As the EU leaders have shot down May’s Chequers plan, it’s likely we’ll be seeing some pretty considerable updates to the Brexit arrangement in the coming weeks and months.
If the government is to continue with Chequers, May will first need keep Tory support for the deal intact. If she doesn’t, she may be face a leadership challenge. At the very least, it would signify to EU negotiators Chequers is not a deal worth compromising over. If the PM does hold onto Chequers support, the next hurdle is successfully getting it approved by the EU – a far bigger task. The summit at the end of this month will address the government’s new, yet to be seen Irish border solution. The UK must produce a workable fix for the deal to move forward, most likely finalising further details in a November summit.    
If May does manage to come to an agreement with the EU it will probably be made by compromising and accepting either a Norway-style deal or a free trade deal, meaning continued access to the single market but far less say over its rules. After that, the government will come face to face with the final hurdle: passing the deal in parliament. If they approve the agreement, Britain will exit the EU on March 29th 2019. However, the possibility MPs may not approve May’s agreement with the EU has appeared increasingly likely.

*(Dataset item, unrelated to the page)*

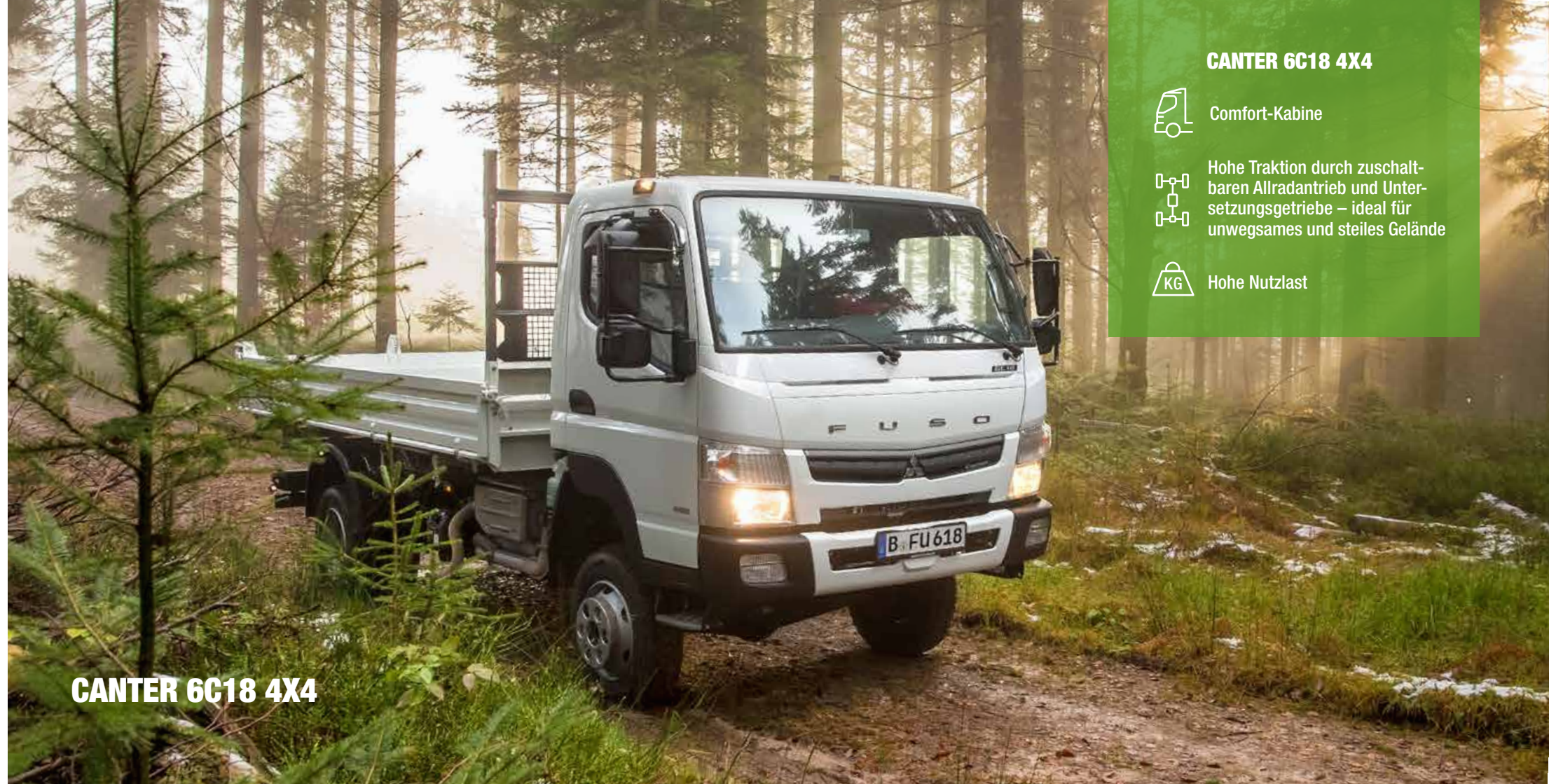
CANTER 6C18 4X4

Hart im Nehmen. Für besonders schwere Einsätze auf unbefestigtem Gelände verfügt die Modellvariante Canter 6C18 4x4 über eine vergrößerte Bodenfreiheit und einen zuschaltbaren Allradantrieb – das sorgt abseits von befestigten Straßen für besonders hohe Traktion.

Jeremy Corbyn has certainly suggested the Labour party could vote the deal down in pursuit of a general election. One thing is for certain: if the deal did fail in parliament, there’s no clear direction for what would happen next.

And beyond?

If the PM pulls off a successful agreement with the EU, approved on all sides, the UK will move into a two-year transition period – with talks starting all over again to iron out the details. During this transitional stage, many features of the UK’s membership will continue, such as free movement and access to the single market. This stage is currently due to end on 31st December 2020 – with a complete end to separation proceedings expected to happen sometime in the mid-2020s.

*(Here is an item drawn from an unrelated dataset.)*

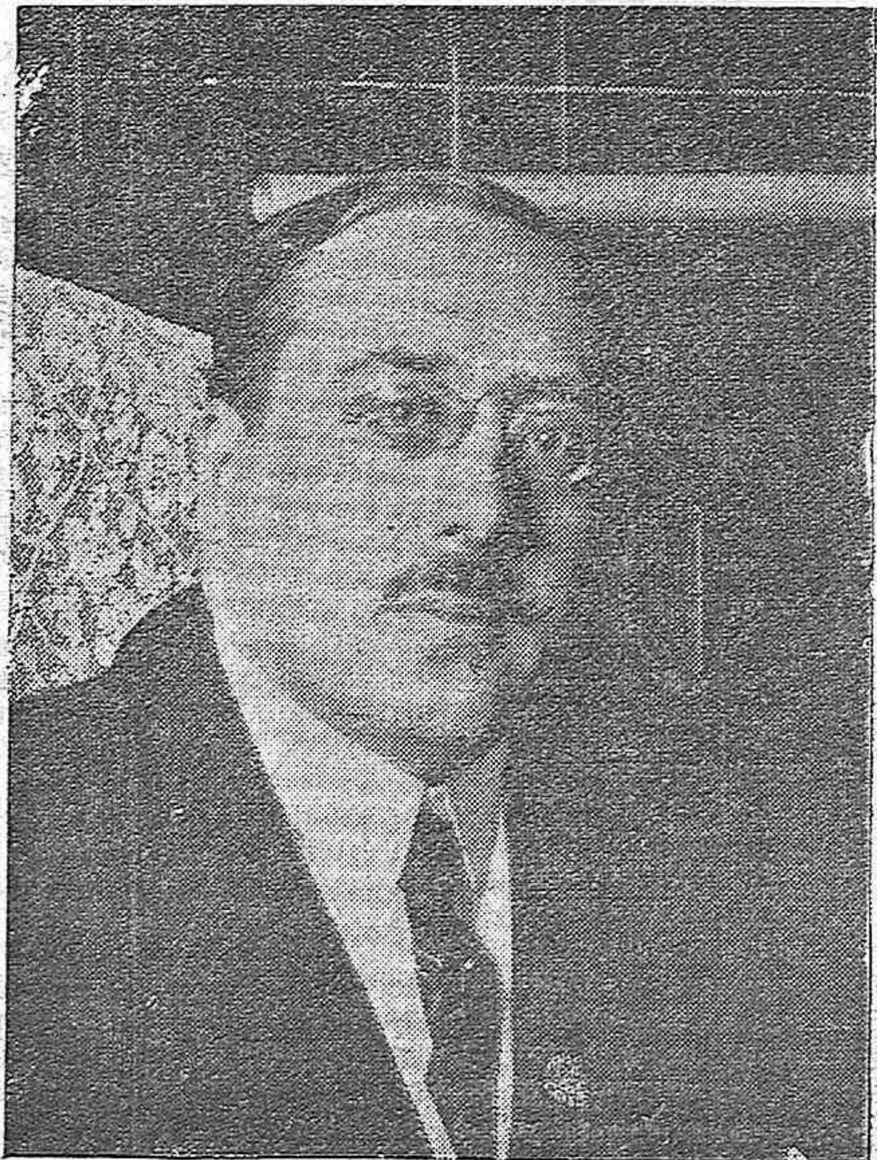
MADRID.—LA SOLUCIÓN DE LA CRISIS.—EL NUEVO MINISTRO DE ECONOMÍA, DON LUIS RODRÍGUEZ DE VIGURI.

lámparas, receptores, amplificadores Cruz Conde, 4 CORDOBA

Alternatively, if Theresa May fails to strike a deal with the EU, there could be an extension of negotiation time. If not, Britain will exit the union in March – seeing the removal of EU rules and regulations in trade, immigration and law. Currently the aftermath of a no-deal situation remains unclear. However Christine Lagarde, managing director of the International Monetary Fund, has warned a disruptive exit from the EU could risk pushing the UK into a recession. UK businesses have also issued warnings, major carmakers Honda, Jaguar Land Rover and BMW claiming a no-deal Brexit would result in huge costs, employee cuts and temporary factory closures respectively. Disruption in trade is likely to cause delays at the border – prompting the government to discuss the stockpiling of vital goods, such as medicines, with their European producers.  

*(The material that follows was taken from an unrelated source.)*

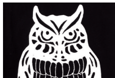
735 ★★★★★ ■●
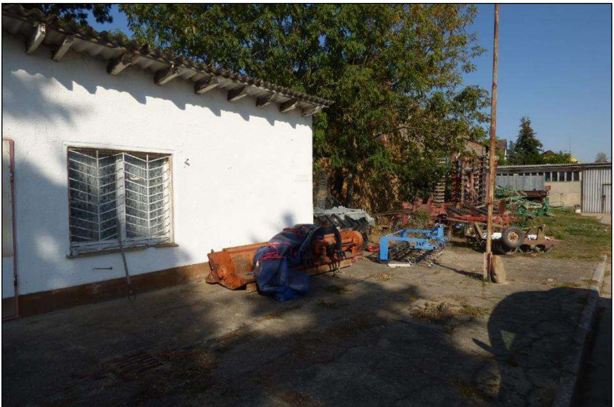
Abb. 13: Vorbereich des Tankstellenhäuschens (betonierte Fläche)

Im Bereich um das ehemalige Tankstellengebäude befinden sich noch versiegelte Flächen (Beton). Auch diese werden mittelfristig eines Tages abgebrochen und entfernt und die Fläche des Gebäudes und des Vorbereiches entsiegelt.

Ultimately, it is likely a no-deal exit would spell the end for Theresa May, signifying a clear failure in her political negotiations with the EU. Certainly, if the UK was to leave without a deal, Labour would seize the opportunity to push for a general election – either way, failing to negotiate an agreement would lead to significant political turmoil. With Brexit D-Day currently appearing as a no-deal cliff edge, the pressure is certainly on. Only time will tell how the UK will exit the EU, but as it stands it will be happening on the 29th of March. Watch this space.